» Assignment: If a record below holds a picture, leave the picture out and copy the rest exactly.

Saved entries
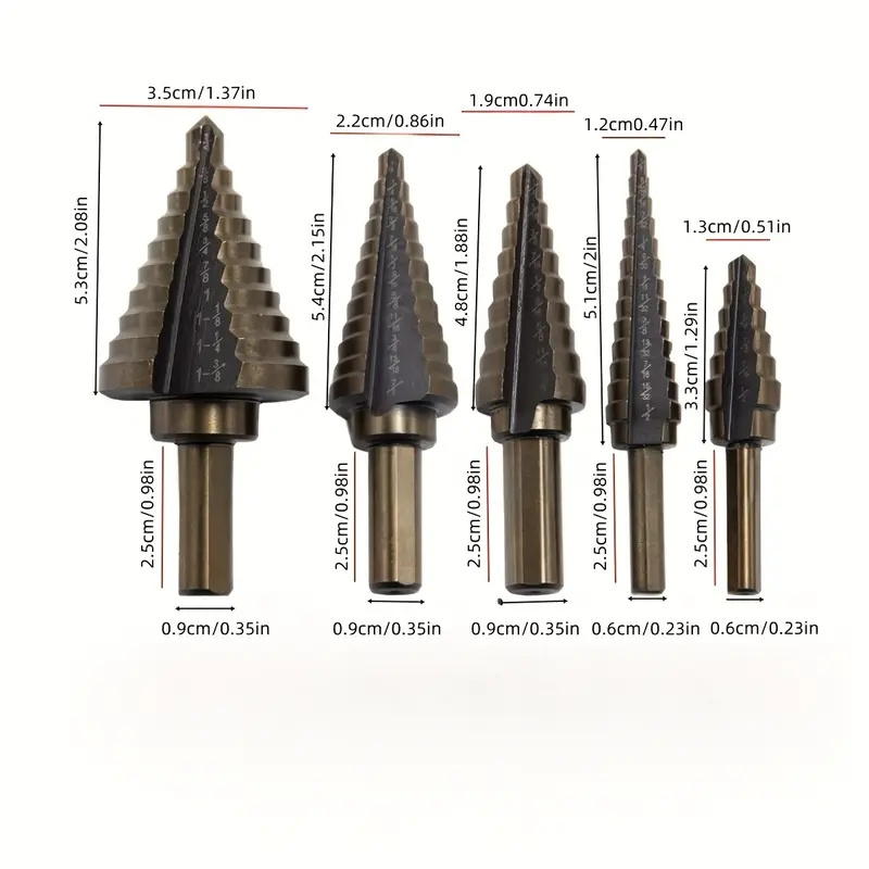 5-Piece High-Speed Steel Pagoda Step Drill Bit Set – Baked Yellow Finish, Triangular Shank DesignProfessional Multi-Size Hole Opener Kit for Metal, Wood & Plastic Key Features:Baked Yellow Surface Treatment – Enhanced hardness & corrosion resistance vs. standard HSS bits.Triangular Shank Design – Prevents bit slippage in drill chucks for safer operation.Pagoda/Step Drill Geometry – Cuts 3-32mm holes progressively with smooth edges (no burrs).High-Speed Steel (HSS) Material – Stays sharp 5x longer than carbon steel bits.5 Sizes in Set – Covers most DIY/industrial needs (includes common HVAC/plumbing sizes). Professional Applications:Metalworking – Sheet metal, aluminum, copper pipesWoodworking – Cabinet hinges, dowel holesPlastic/Fiberglass – Clean holes without crackingAuto/Electronics – Enlarging existing holes
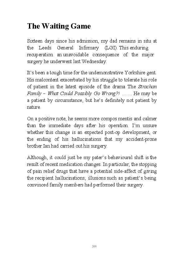 'Prose & Cons' provides excerpts from the author's darkly humorous daily diary blogs in June 2017, in association with a selection of sonnets. Poetry a new literary challenge for Mr Strachan, inspired by his keen eye for the pretentious. Subjects within this tome include his father's hospital admission, a good riddance to the month of June and noticing the Scarbrough pub in Leeds is spelt wrong. Born with only one head, the author is adapting to his 'difference'.
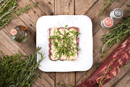 Cold veal tonnato is an exquisite dish with Italian roots that harmoniously combines tender meat and a rich sauce. This culinary masterpiece hails from Piedmont, where the tuna and anchovy-based tonnato sauce became the region's hallmark. The veal, cooked to tenderness and sliced into thin medallions, absorbs the tangy flavor of tonnato, creating a remarkable balance of textures and aromas. Arugula adds a fresh note while pink pepper contributes a light spicy kick. This dish is perfect for a summer dinner or elegant appetizer, revealing the richness of Mediterranean flavors. Served chilled, it maintains its sophistication and highlights the subtle nuances of the ingredients, making each bite truly a gastronomic delight.
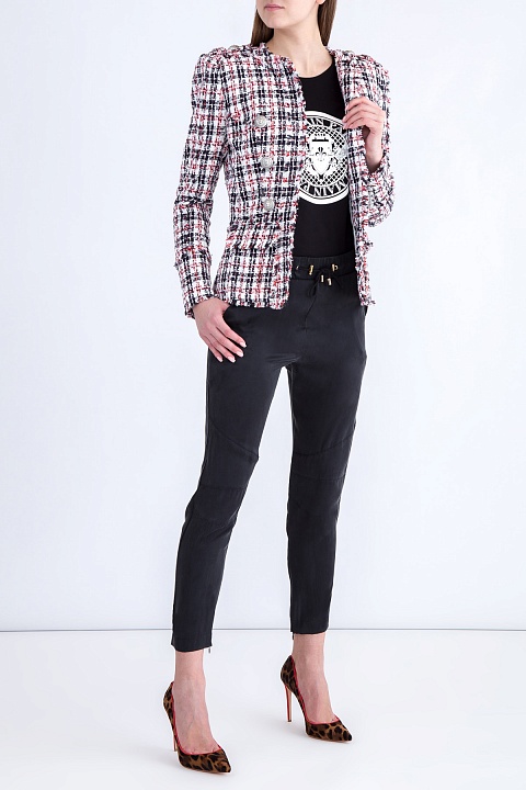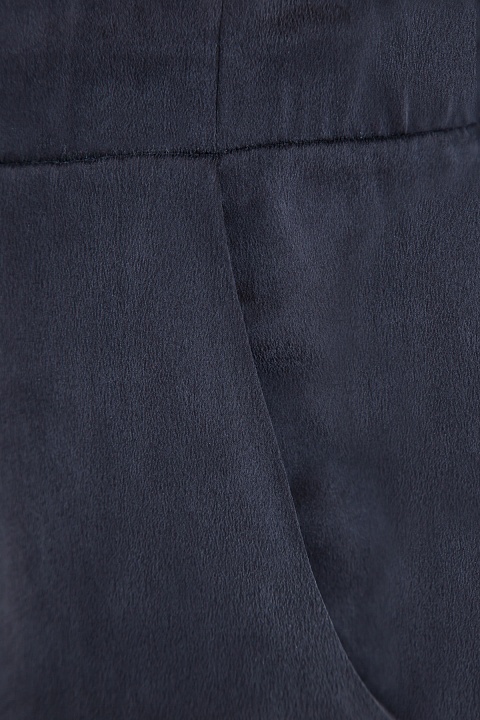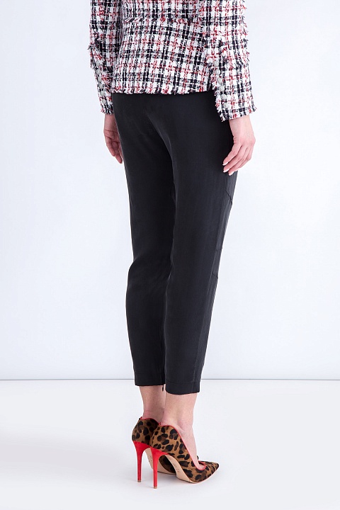 Женские зауженные книзу брюки длиной 7/8 из весенне-летней коллекции Balmain выполнены из струящегося шелка с бархатистой текстурой. Особенностью модели является оригинальный крой в области колен и потайные застежки-молнии на нижней кромке во внутренних швах брючин. Изделие свободного кроя оснащено двумя прорезными карманами на передних планках и широким эластичным поясом на кулиске, что вносит в образ нотку спортивного стиля.
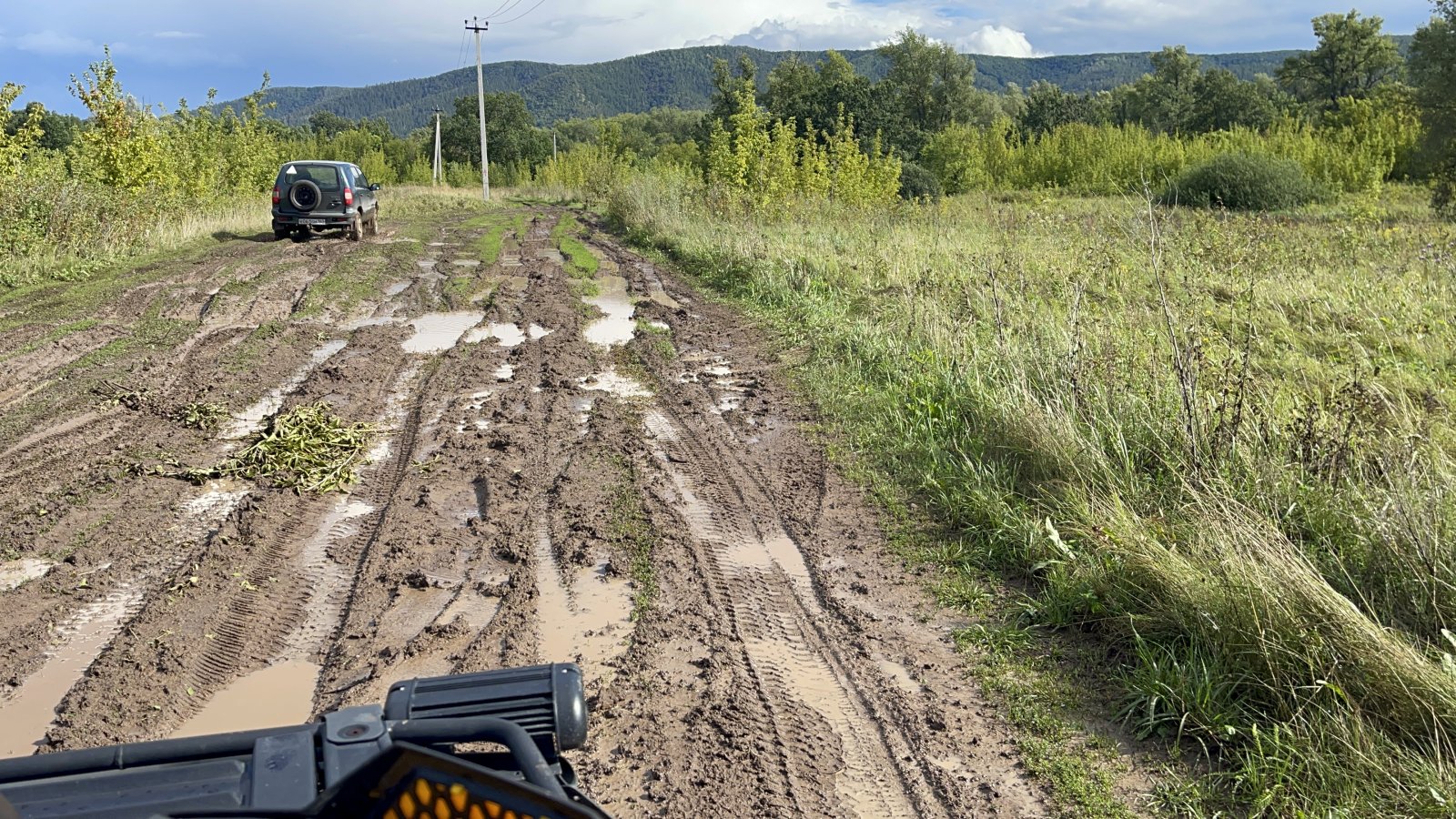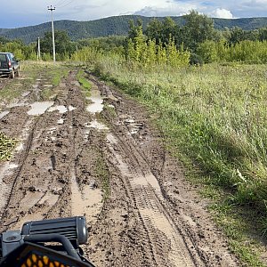 Дальше нас ждёт брод, который в зависимости от сезона меняется от глубокого ручья до серьёзного болота, и дорога от просто кочковатой до серьёзно грязной (от сезона).
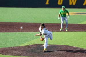 7. Cade Obermueller, junior, baseball: The Iowa City native earned third-team All-America honors after going 5-3 with a 3.02 ERA in 15 starts this past season. He posted five quality starts and fanned 117 batters over 83.1 innings. His 117 strikeouts ranks second all-time in program history for strikeouts in a season. He also led the Big Ten and ranked 18th in the nation in strikeouts per nine innings (12.83).
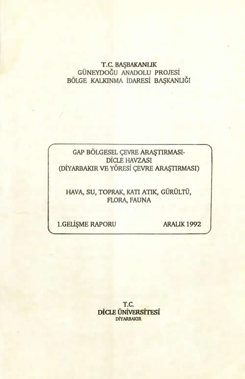 GAP BÖLGESEL ÇEVRE ARAŞTIRMASI DİCLE HAVZASI(DİYARBAKIR VE YÖRESİ ÇEVRE ARAŞTIRMASI)HAVA,SUTOPRAK,KATI ATIK,GÜRÜLTÜ,FLORA,FAUNA 1.GELİŞME RAPORU ARALIK 1992
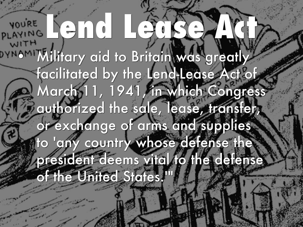 Military aid to Britain was greatly facilitated by the Lend-Lease Act of March 11, 1941, in which Congress authorized the sale, lease, transfer, or exchange of arms and supplies to 'any country whose defense the president deems vital to the defense of the United States.'"
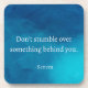 Seneca's wisdom: 'Don't stumble over something behind you.' Stay focused on your future, let go of the past, and embrace personal growth. Ready to move forward with purpose? Bring home this insightful quote today and let it inspire your journey.
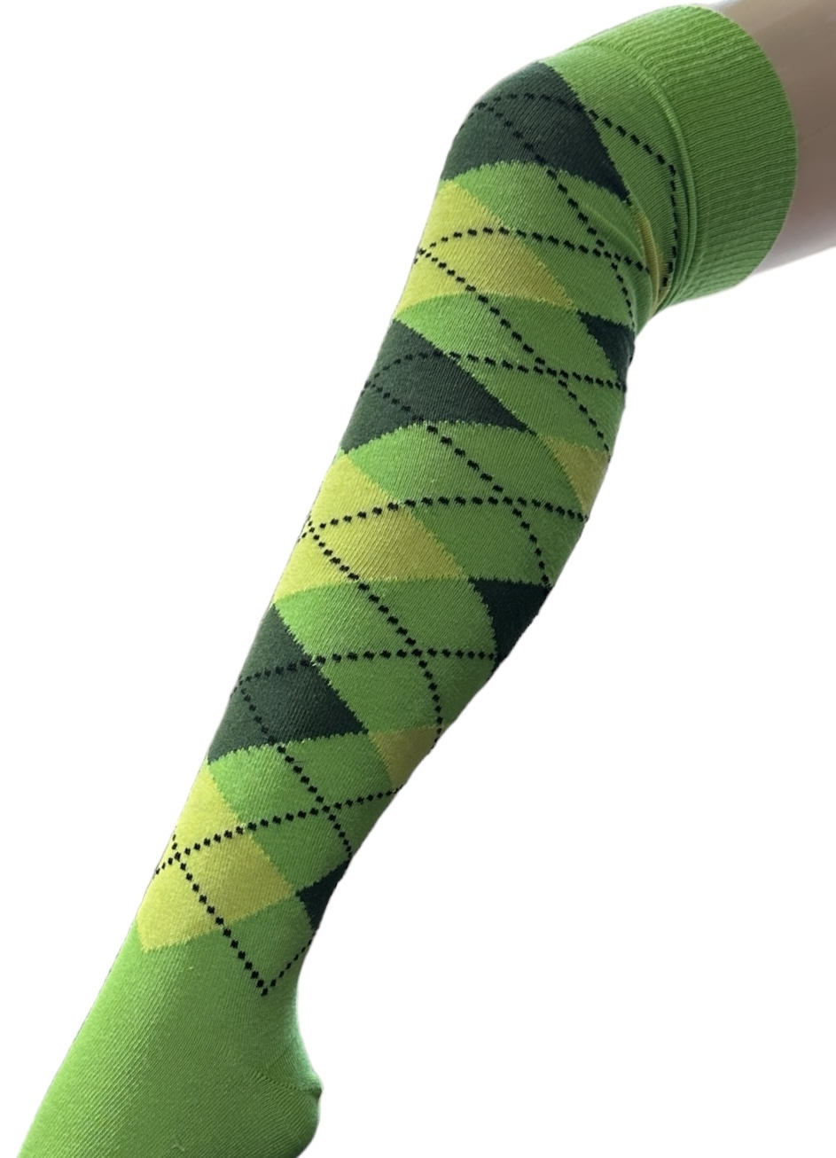 Pitkät sukat 38/41, Vihreä ruutu. Ruutu-kuvioidut pitkät sukat. Sukan koko 38/41. Materiaali 80 % puuvillaa, 15 % polyamidia ja 5 % elastaania. HUOM ! Sukan pituus kantapäästä varren yläreunaan 50 cm venyttämättömänä. Mitta lyhenee säären ympäryksen mukaan.
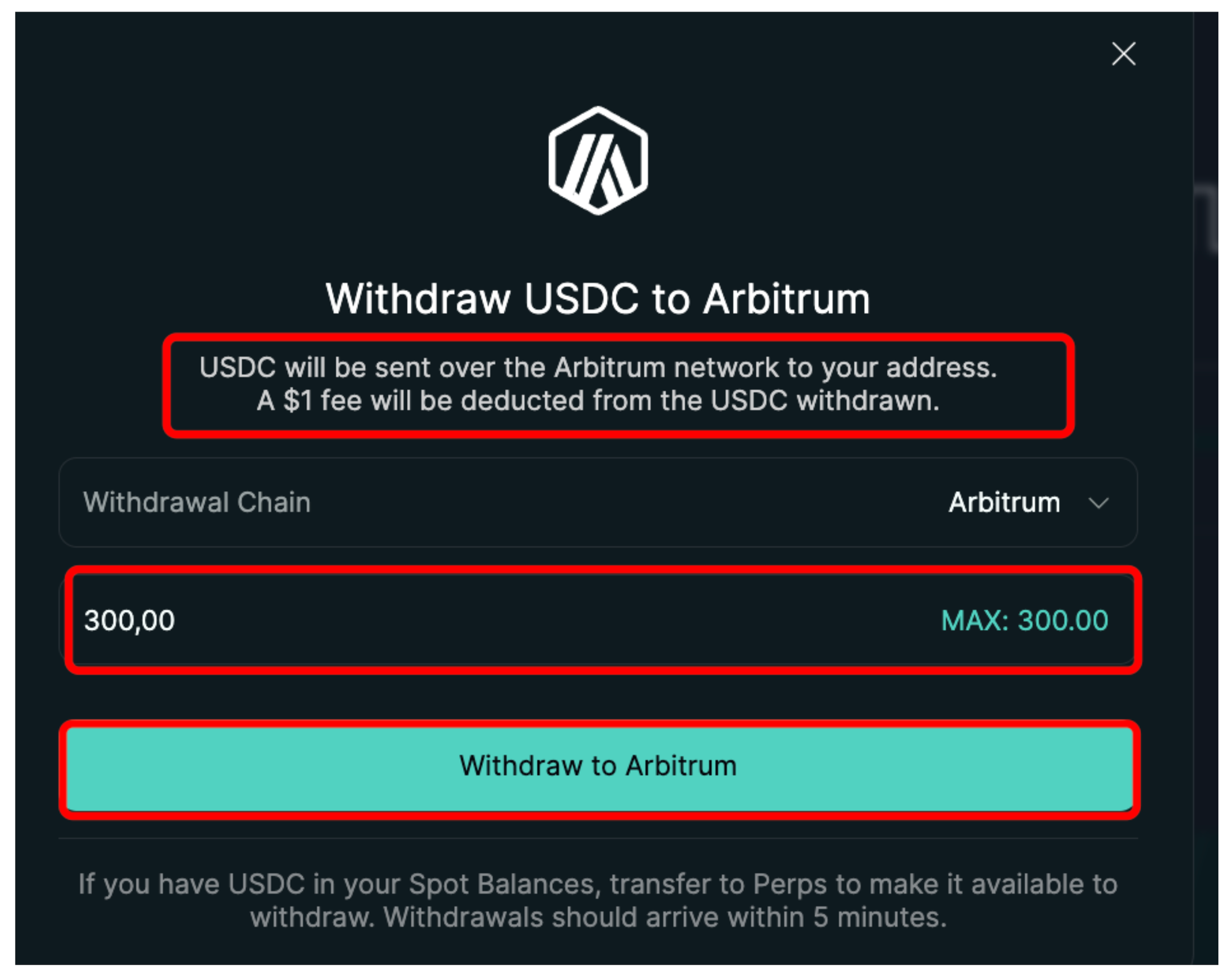 - Для вывода USDC на свой EVM кошелек нажимаем Withdraw. Указываем необходимое количество USDC. Внимательно читаем все предупреждения. Комиссия за операцию $1. Если на балансе USDC Perps не будет свободных долларов, то сумма перевода уменьшится на $1.
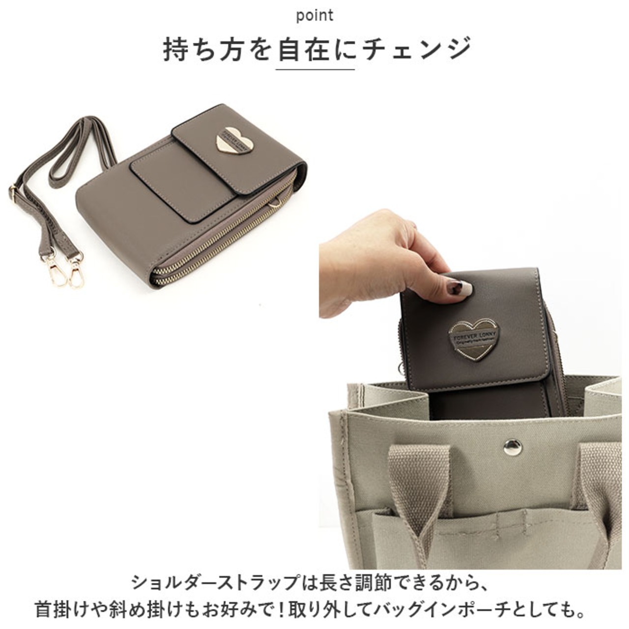 ・ショルダーストラップは長さ調節できるから、首掛けや斜め掛けもお好みで!取り外してバッグインポーチとしても。
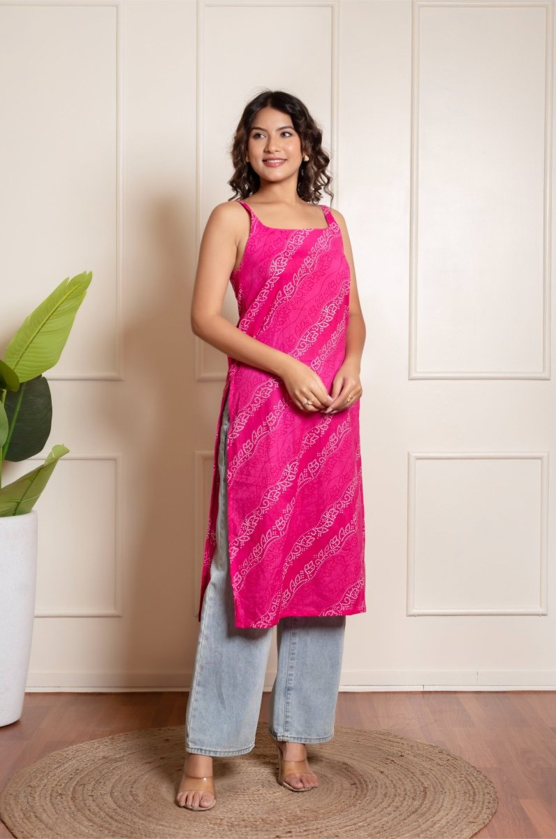 - RANG MALHAAR PINK BANDHEJ COTTON KURTI

» Solution to the exercise:
 5-Piece High-Speed Steel Pagoda Step Drill Bit Set – Baked Yellow Finish, Triangular Shank DesignProfessional Multi-Size Hole Opener Kit for Metal, Wood & Plastic Key Features:Baked Yellow Surface Treatment – Enhanced hardness & corrosion resistance vs. standard HSS bits.Triangular Shank Design – Prevents bit slippage in drill chucks for safer operation.Pagoda/Step Drill Geometry – Cuts 3-32mm holes progressively with smooth edges (no burrs).High-Speed Steel (HSS) Material – Stays sharp 5x longer than carbon steel bits.5 Sizes in Set – Covers most DIY/industrial needs (includes common HVAC/plumbing sizes). Professional Applications:Metalworking – Sheet metal, aluminum, copper pipesWoodworking – Cabinet hinges, dowel holesPlastic/Fiberglass – Clean holes without crackingAuto/Electronics – Enlarging existing holes
 'Prose & Cons' provides excerpts from the author's darkly humorous daily diary blogs in June 2017, in association with a selection of sonnets. Poetry a new literary challenge for Mr Strachan, inspired by his keen eye for the pretentious. Subjects within this tome include his father's hospital admission, a good riddance to the month of June and noticing the Scarbrough pub in Leeds is spelt wrong. Born with only one head, the author is adapting to his 'difference'.
 Cold veal tonnato is an exquisite dish with Italian roots that harmoniously combines tender meat and a rich sauce. This culinary masterpiece hails from Piedmont, where the tuna and anchovy-based tonnato sauce became the region's hallmark. The veal, cooked to tenderness and sliced into thin medallions, absorbs the tangy flavor of tonnato, creating a remarkable balance of textures and aromas. Arugula adds a fresh note while pink pepper contributes a light spicy kick. This dish is perfect for a summer dinner or elegant appetizer, revealing the richness of Mediterranean flavors. Served chilled, it maintains its sophistication and highlights the subtle nuances of the ingredients, making each bite truly a gastronomic delight.
 Женские зауженные книзу брюки длиной 7/8 из весенне-летней коллекции Balmain выполнены из струящегося шелка с бархатистой текстурой. Особенностью модели является оригинальный крой в области колен и потайные застежки-молнии на нижней кромке во внутренних швах брючин. Изделие свободного кроя оснащено двумя прорезными карманами на передних планках и широким эластичным поясом на кулиске, что вносит в образ нотку спортивного стиля.
 Дальше нас ждёт брод, который в зависимости от сезона меняется от глубокого ручья до серьёзного болота, и дорога от просто кочковатой до серьёзно грязной (от сезона).
 7. Cade Obermueller, junior, baseball: The Iowa City native earned third-team All-America honors after going 5-3 with a 3.02 ERA in 15 starts this past season. He posted five quality starts and fanned 117 batters over 83.1 innings. His 117 strikeouts ranks second all-time in program history for strikeouts in a season. He also led the Big Ten and ranked 18th in the nation in strikeouts per nine innings (12.83).
 GAP BÖLGESEL ÇEVRE ARAŞTIRMASI DİCLE HAVZASI(DİYARBAKIR VE YÖRESİ ÇEVRE ARAŞTIRMASI)HAVA,SUTOPRAK,KATI ATIK,GÜRÜLTÜ,FLORA,FAUNA 1.GELİŞME RAPORU ARALIK 1992
 Military aid to Britain was greatly facilitated by the Lend-Lease Act of March 11, 1941, in which Congress authorized the sale, lease, transfer, or exchange of arms and supplies to 'any country whose defense the president deems vital to the defense of the United States.'"
 Seneca's wisdom: 'Don't stumble over something behind you.' Stay focused on your future, let go of the past, and embrace personal growth. Ready to move forward with purpose? Bring home this insightful quote today and let it inspire your journey.
 Pitkät sukat 38/41, Vihreä ruutu. Ruutu-kuvioidut pitkät sukat. Sukan koko 38/41. Materiaali 80 % puuvillaa, 15 % polyamidia ja 5 % elastaania. HUOM ! Sukan pituus kantapäästä varren yläreunaan 50 cm venyttämättömänä. Mitta lyhenee säären ympäryksen mukaan.
 - Для вывода USDC на свой EVM кошелек нажимаем Withdraw. Указываем необходимое количество USDC. Внимательно читаем все предупреждения. Комиссия за операцию $1. Если на балансе USDC Perps не будет свободных долларов, то сумма перевода уменьшится на $1.
 ・ショルダーストラップは長さ調節できるから、首掛けや斜め掛けもお好みで!取り外してバッグインポーチとしても。
 - RANG MALHAAR PINK BANDHEJ COTTON KURTI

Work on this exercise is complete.